We are in agreement.  _Lait chocolaté_ means the same thing, although _lait au chocolat_ is more common in my, and Nico's, neck of the woods. It is the more "official" term here.


----------



## EpicBacon

Michelvar said:


> No difference.



I'd like to reiterate the question posed earlier of which one is more common? Previously, you requested context, but as we've learned, the word itself makes it crystal clear that there is no confusion as to what it is. Are they really both 100% synonymous?


----------



## ph_l

De ce côté-ci de la mare, on parle plutôt de lait chocolaté, AMHA. Si vous demandez un lait au chocolat dans un café, on va vous prendre pour un touriste


----------



## Nicomon

I have yet to hear «_ lait chocolaté _».   In my neck of the woods, it is  « _lait au chocolat_ ».   As in the picture that pointvirgule gave a link to in post #7.  

Just as you say  « _gâteau au chocolat _»  for  "_chocolate cake_".
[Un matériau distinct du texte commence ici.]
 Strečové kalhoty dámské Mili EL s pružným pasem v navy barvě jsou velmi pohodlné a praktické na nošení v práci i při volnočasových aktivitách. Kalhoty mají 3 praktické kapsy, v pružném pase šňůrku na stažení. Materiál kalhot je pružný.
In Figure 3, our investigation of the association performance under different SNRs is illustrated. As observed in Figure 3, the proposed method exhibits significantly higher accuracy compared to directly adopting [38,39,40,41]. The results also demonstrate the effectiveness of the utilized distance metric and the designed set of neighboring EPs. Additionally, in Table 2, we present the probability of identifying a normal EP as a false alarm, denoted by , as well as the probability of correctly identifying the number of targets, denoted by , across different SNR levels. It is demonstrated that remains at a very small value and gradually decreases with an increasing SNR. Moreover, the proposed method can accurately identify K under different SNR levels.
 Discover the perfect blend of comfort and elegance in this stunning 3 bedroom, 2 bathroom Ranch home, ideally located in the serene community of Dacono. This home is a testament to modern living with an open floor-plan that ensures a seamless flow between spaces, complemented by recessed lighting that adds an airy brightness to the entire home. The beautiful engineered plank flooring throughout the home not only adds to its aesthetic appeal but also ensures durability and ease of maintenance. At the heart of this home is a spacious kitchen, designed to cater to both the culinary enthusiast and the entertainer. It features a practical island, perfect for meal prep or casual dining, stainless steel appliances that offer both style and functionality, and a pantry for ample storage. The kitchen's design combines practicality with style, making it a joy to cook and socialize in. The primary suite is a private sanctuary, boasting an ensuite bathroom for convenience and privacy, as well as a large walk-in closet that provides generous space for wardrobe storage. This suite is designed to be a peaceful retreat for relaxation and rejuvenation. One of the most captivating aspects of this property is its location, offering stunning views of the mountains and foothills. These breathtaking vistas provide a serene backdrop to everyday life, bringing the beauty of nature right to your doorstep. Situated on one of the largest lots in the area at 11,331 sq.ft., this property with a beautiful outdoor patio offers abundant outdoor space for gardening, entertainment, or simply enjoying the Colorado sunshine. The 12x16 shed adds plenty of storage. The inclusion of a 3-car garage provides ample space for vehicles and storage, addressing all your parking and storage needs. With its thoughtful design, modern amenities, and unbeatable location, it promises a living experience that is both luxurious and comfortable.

*Ajout :  * @ ph_#1 :   On ne demande pas *un* lait au chocolat.   On demande un *verre *de lait au chocolat  ou  *du* lait au chocolat. 
 Si j'avais envie de boire du lait (tout court) je ne demanderais pas « *un* lait ».


----------



## EpicBacon

I'm very confused, in in the television series Foster, La Maison Des Amis Imaginaires episode "Mac Papa" chocolate milk is referred to as "chocolat au lait". I believe direct linking is not allowed, but perhaps a loophole can be done if someone Googles it? 3:26 in the video, it is called by the aforementioned, which contradicts what everyone else has been saying.

Your help is much appreciated!


----------



## Michelvar

EpicBacon said:


> I'd like to reiterate the question posed earlier of which one is more common?
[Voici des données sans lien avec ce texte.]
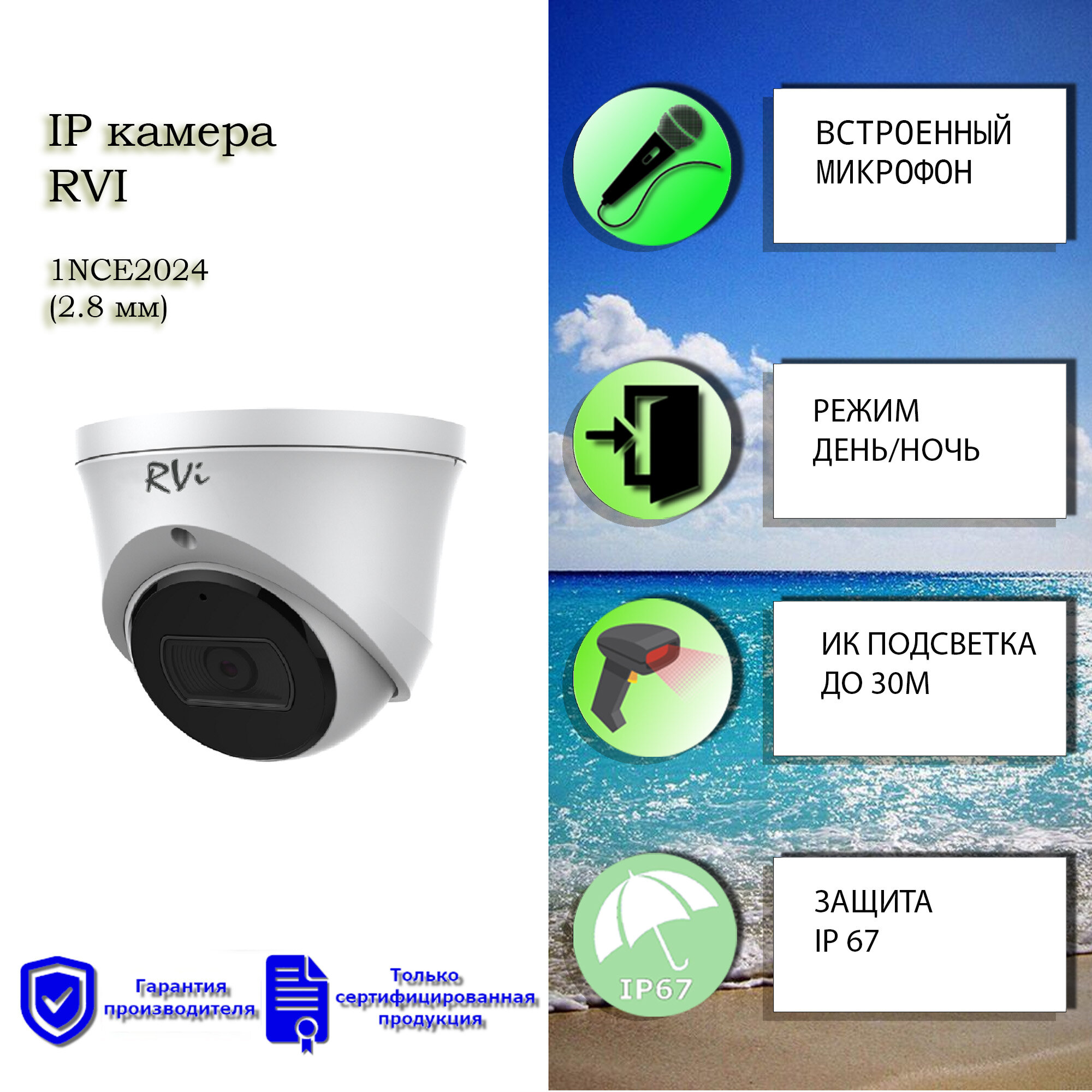 Видеокамера IP купольная RVi-1NCE2024 (2.8) white со встроенным микрофоном интересное: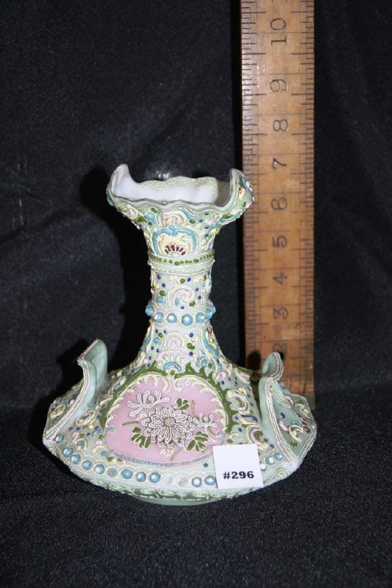 Moriage vase having a celadon blue glaze with applied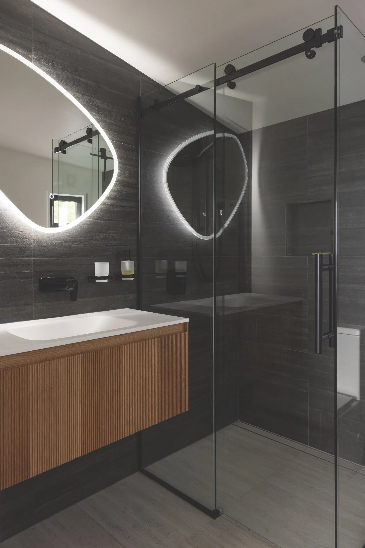The challenges from a construction point of view were numerous. Beyond the structural complexities of the fan-shaped, multi-level design, the house’s predominantly south-facing orientation required careful consideration of thermal performance and natural light. For example, the ensuite bathroom, with its low raking ceiling and angled exterior wall, needed creative solutions that the homeowners then enhanced with beautiful tiles and fixtures.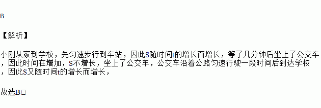 小刚从家去学校,先匀速步行到车站,等了几分钟后坐上了公交车,公交车匀速行驶一段时后到达学校,小刚从家到学校行驶路程s(单位:m)与时间r(单位:min)之间函数关系的大致图象是( )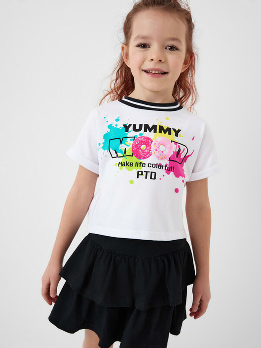 Легкий детский комплект для девочки. Выполнен из мягкого хлопкового трикотажа джерси, состоящий из укороченной футболки и юбки-шорт. Футболка свободного кроя с ярким принтом. Пышная юбка на резинке с воланами, внутри имеет удобные шорты, что делает модель практичной для активного отдыха.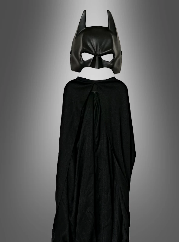 Das Kostümset besteht aus einem schwarzen Cape, das mit Klettverschluss befestigt wird sowie einer geformten Halbmaske aus Hartkunststoff.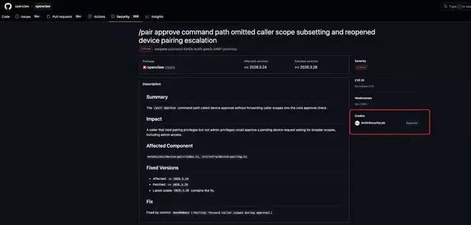 蚂蚁集团旗下的 AI 安全实验室,近期对开源智能体框架 OpenClaw 进行了一次专项安全审计。在为期三天的检测中,团队共提交了 33 个漏洞报告,而在最新发布的 2026.3.28 版本中,OpenClaw 已确认并修复其中 8 个漏洞,包括 1 个严重级别漏洞、4 个高危漏洞以及 3 个中危漏洞。
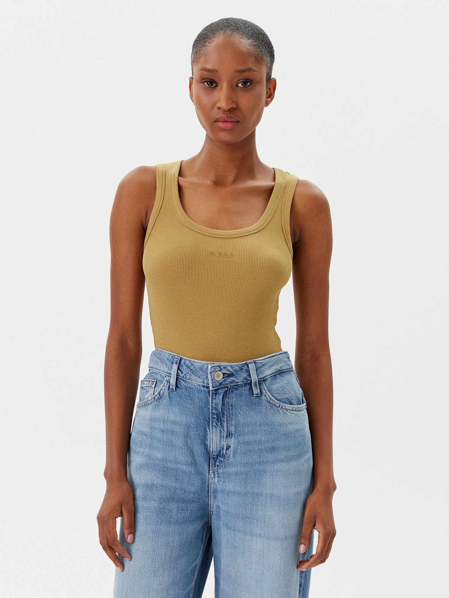 A scoop-neck top cut to a defined fit in stretch material woven with a ribbed structure by BOSS Womenswear.
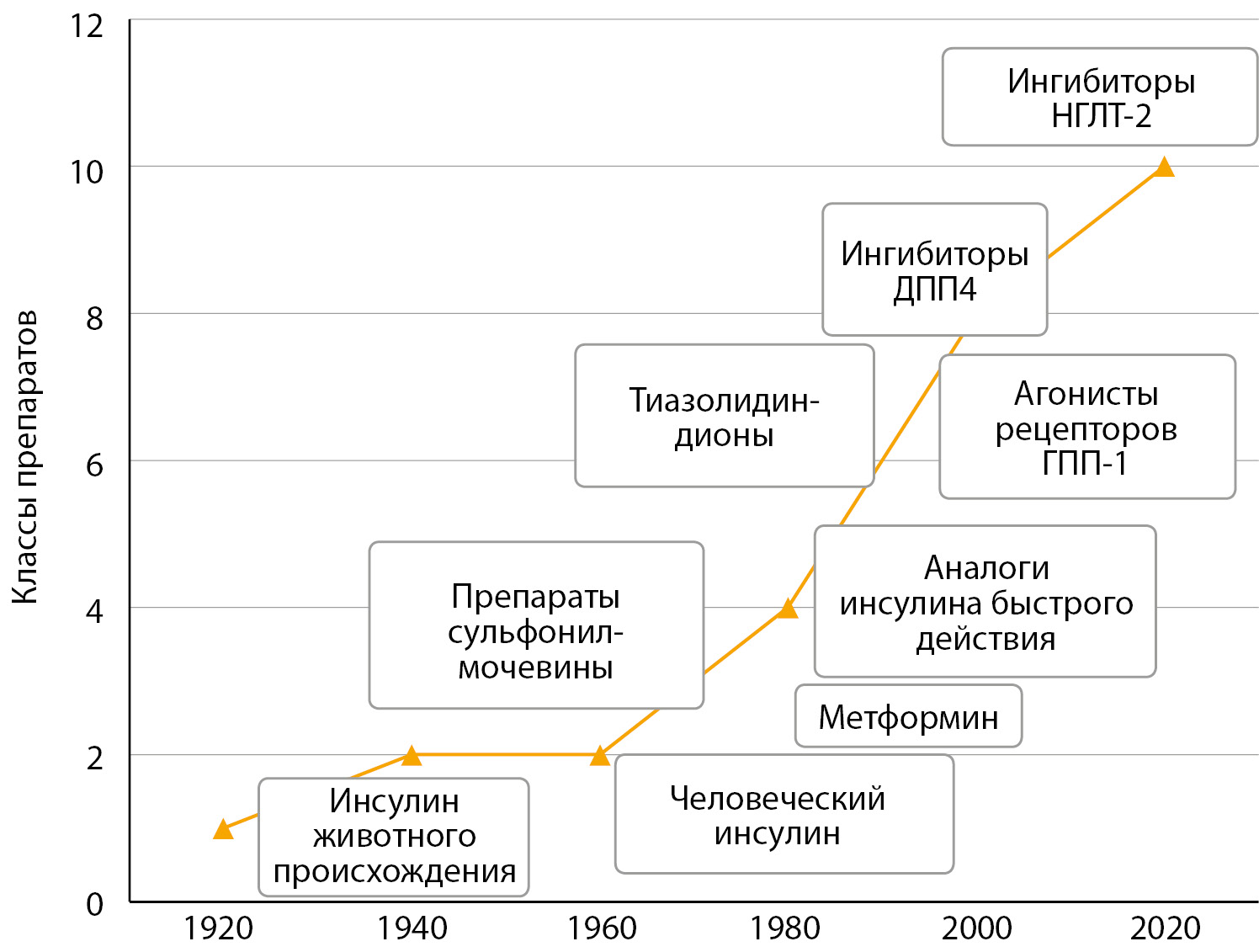 Рисунок 1. Эволюция сахароснижающей терапии за последние 100 лет.

"lait chocolaté" : 58.600 google hits
"lait au chocolat" : 231.000 google hits

So it looks like "lait au chocolat" is more used.



EpicBacon said:


> Are they really both 100%  synonymous?


The only difference could come from a law stating that, "au chocolat" is for more that XX% of chocolate, and "chocolaté" is for less than XX%. But such a law doesn't exist (yet) to my knowledge.



EpicBacon said:


> I'm very confused, in in the television series  Foster, La Maison Des Amis Imaginaires episode "Mac Papa" chocolate  milk is referred to as "chocolat au lait".
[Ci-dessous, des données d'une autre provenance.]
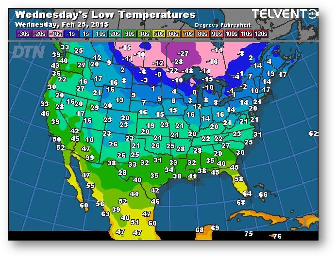 Prévisions des températures les plus basses (degrés Farenheit)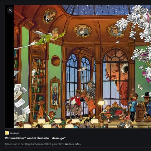 Ewa Maria Slaska (już było, rebloguję sama siebie): Synteza biblioteki, Ulli Oesterle (Don Kichot w lewym górnym rogu, powiększenie – poniżej)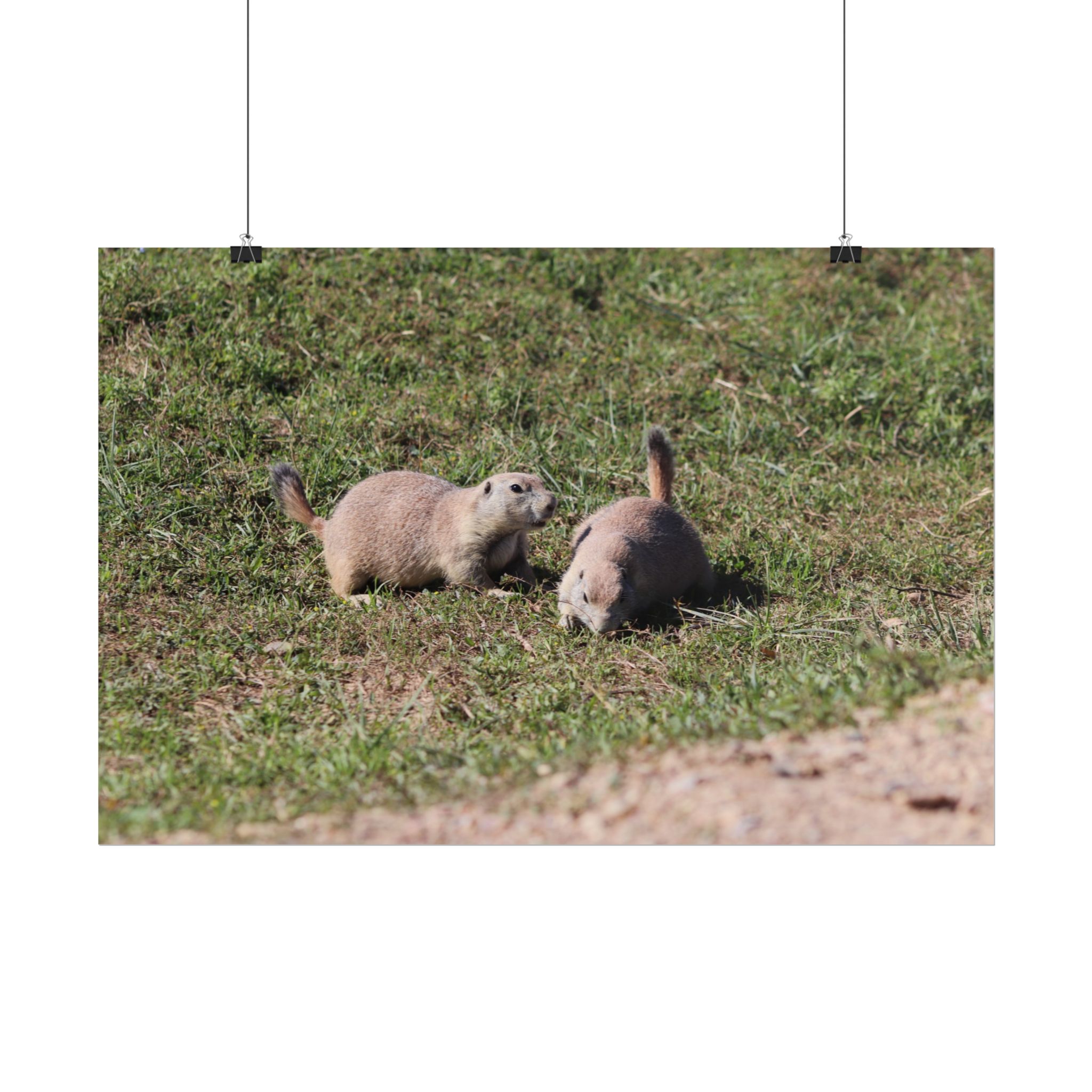 Prairie Dog Couple in Badlands National Park South Dakota Wildlife Photography – Black-Tailed Prairie Dogs in Natural Grassland Habitat – Nature and Conservation Wall Art Matte Print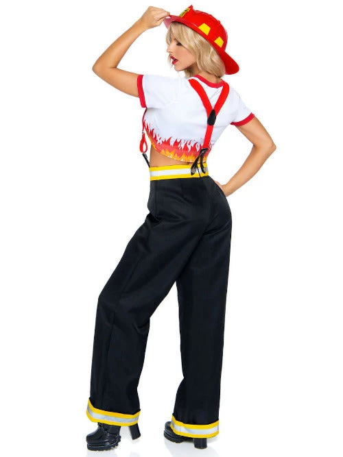 Look red hot this Halloween with the flirty 2 PC Five-Alarm Firefighter costume by Leg Avenue. This sexy costume includes a fire crop top and flared pants with attached suspenders and reflective trim. Fun design detail, amazing quality and great fit. Pair with a Leg Avenue fire hat to complete the look.

Yes, you can also call it "un chocolat au lait" (but this name is more often for a hot chocolate), or "un chocolat frappé".



Nicomon said:


> I have yet to hear «_ lait chocolaté _».



En voici 



Nicomon said:


> On ne demande pas *un* lait au chocolat.   On demande un *verre *de lait au chocolat  ou  *du* lait au chocolat. Si j'avais envie de boire du lait (tout court) je ne demanderais pas « *un* lait ».


De ce côté de la mare, on n'a aucun problème à demander un whisky, un café, un Ricard, ou un lait, chocolaté ou pas.


----------



## Nicomon

> En voici


  Je n'ai pas écrit que ça ne se disait nulle part.  J'ai écrit que moi, je ne l'ai pas entendu  (bien que ce serait compris). 
Pas ma faute si « chocolat au lait » est plus courant chez nous.


----------



## In Absentia

EpicBacon said:


> I'm very confused, in in the television series Foster, La Maison Des Amis Imaginaires episode "Mac Papa" chocolate milk is referred to as "chocolat au lait". I believe direct linking is not allowed, but perhaps a loophole can be done if someone Googles it? 3:26 in the video, it is called by the aforementioned, which contradicts what everyone else has been saying.
> 
> Your help is much appreciated!



"Chocolat au lait" can mean _milk chocolate_ as well as _chocolate milk_. So if you just say _j'aime le chocolat au lait_ people are probably going to think you like milk chocolate.


----------



## EpicBacon

We seem to agree le lait au chocolat is the most common, but is chocolat au lait more common than lait chocolaté to mean "chocolate milk"?


----------



## Michelvar

As written by In Abstentia, "chocolat au lait" could lead to misunderstandings, so it is less used.


----------



## EpicBacon

Less than lait chocolaté?


----------



## Michelvar

I really guess, but I can not measure it, as a "chocolat au lait" Google search would bring a majority of "milk chocolate" related hits.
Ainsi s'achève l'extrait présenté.